NSO also notably maintained connections to high-level U.S. politicians and beltway insiders throughout this period. The Washington Post reported last summer that the firm has enjoyed ties to “some of the most powerful members of the Obama, Trump and Biden administrations.” This apparently included people like Rod Rosenstein, the former deputy attorney general at the Department of Justice, who it was reported in 2020 had been providing the company with private legal counsel on matters of cybersecurity and national security.
The notion that the FBI was trying to purchase commercial malware that could compromise any American’s phone is clearly something to be horrified by. When confronted by the Times as to why the agency spent two years trying to wheedle out a permissible legal framework for procuring such an invasive, clandestine product, an FBI spokesperson apparently told the newspaper that investment in such technologies not only helps to “combat crime” but also, apparently, can “protect both the American people and our civil liberties.”
However, the Times highlights another plausible rationale for ongoing law enforcement interest. Its device-hacking capabilities were an effective workaround for a long-standing frustration to police: the popularization of encrypted messaging, which can stymie general government interception of communications.
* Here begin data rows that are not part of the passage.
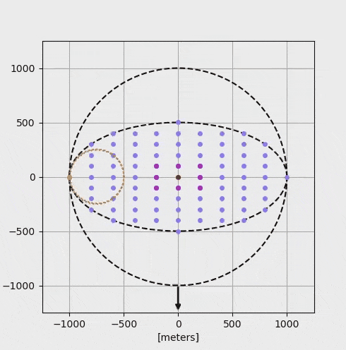 下图展示了一个位于轨道平面内、平均集群高度为 650 公里的 81 颗卫星星座配置示例(在一个完整轨道周期内)的轨迹。集群半径 R=1 公里,在地球引力的影响下,次近邻卫星之间的距离在约 100–200 米之间振荡。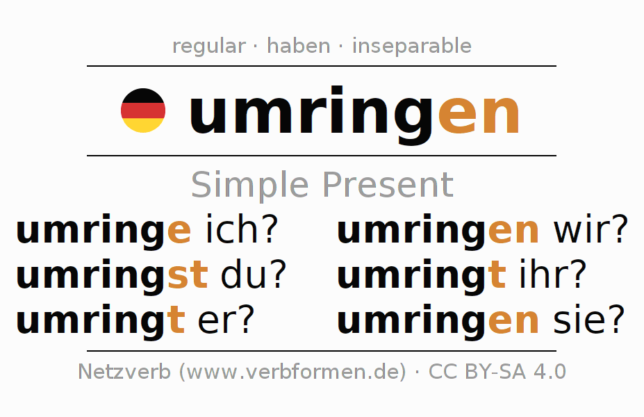The conjugation of umringen in Present Indicative Presence Active is umringe ich?, umringst du?, umringt er?, umringen wir?, umringt ihr?, umringen sie?.The conjugation corresponds to certain grammatical rules. Likewise the requirements for the conjugation of the simple verb forms of umringen in Present. Comments ☆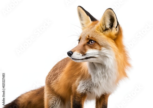 © Hai, Fototapeta premium Side view of a two-year-old Red fox looking up, isolated on white.

NSO is currently being sued by Facebook/Meta over the repeated hacking of users of its messaging service WhatsApp. The lawsuit, which was launched in 2019, has alleged that the spyware vendor’s malware was used to hack as many as 1,400 different users. A majority of these users were based outside of the United States, but at least one targeted phone, according to the lawsuit, was American.
Meta’s lawyers have apparently sought to use this as proof that NSO’s longstanding claim—that Pegasus is incapable of targeting U.S. phone numbers—is demonstrably false.
However, the Times reports that the U.S. phone that was hacked using NSO’s spyware was not hacked with Pegasus but was actually part of a demonstration for federal officials who were considering buying Phantom. The Times reports:
What Facebook didn’t appear to know was that the attack on a U.S. phone number, far from being an assault by a foreign power, was part of the NSO demonstrations to the F.B.I. of Phantom — the system NSO designed for American law-enforcement agencies to turn the nation’s smartphones into an “intelligence gold mine.”
In other words, Facebook’s lawsuit against NSO had stumbled upon the spyware company’s attempts to impress the FBI.
As the Times investigation breaks, the NSO Group is still embroiled in countless ongoing controversies that span the globe. And there’s no telling when the allegations will stop.
On Friday morning, news broke that an NSO scandal is now brewing in Finland, where the nation’s Ministry for Foreign Affairs has reported that the phones of multiple Finnish diplomats are believed to have been infected with Pegasus. Only a day ago, it was revealed that a top Human Rights Watch official, Lama Fakih, the U.S.-Lebanese Director of Crisis and Conflict and head of the HRW Beirut office, had also been targeted. In Poland, an ongoing crisis spurred by revelations that Pegasus was used to target a slew of politicians has now boiled over into a full-blown inquiry by the Polish senate to determine whether the spyware was used to help manipulate the nation’s 2019 election. And, in Hungary, several human rights activists targeted by Pegasus have announced their plans to unleash a “legal blitz” aimed at the Hungarian government (which is alleged to have hacked them), as well as NSO itself. Then there are the murky allegations within Israel, the company’s home country: claims that Israeli police used Pegasus to spy on Israeli civilians domestically—including several politicians.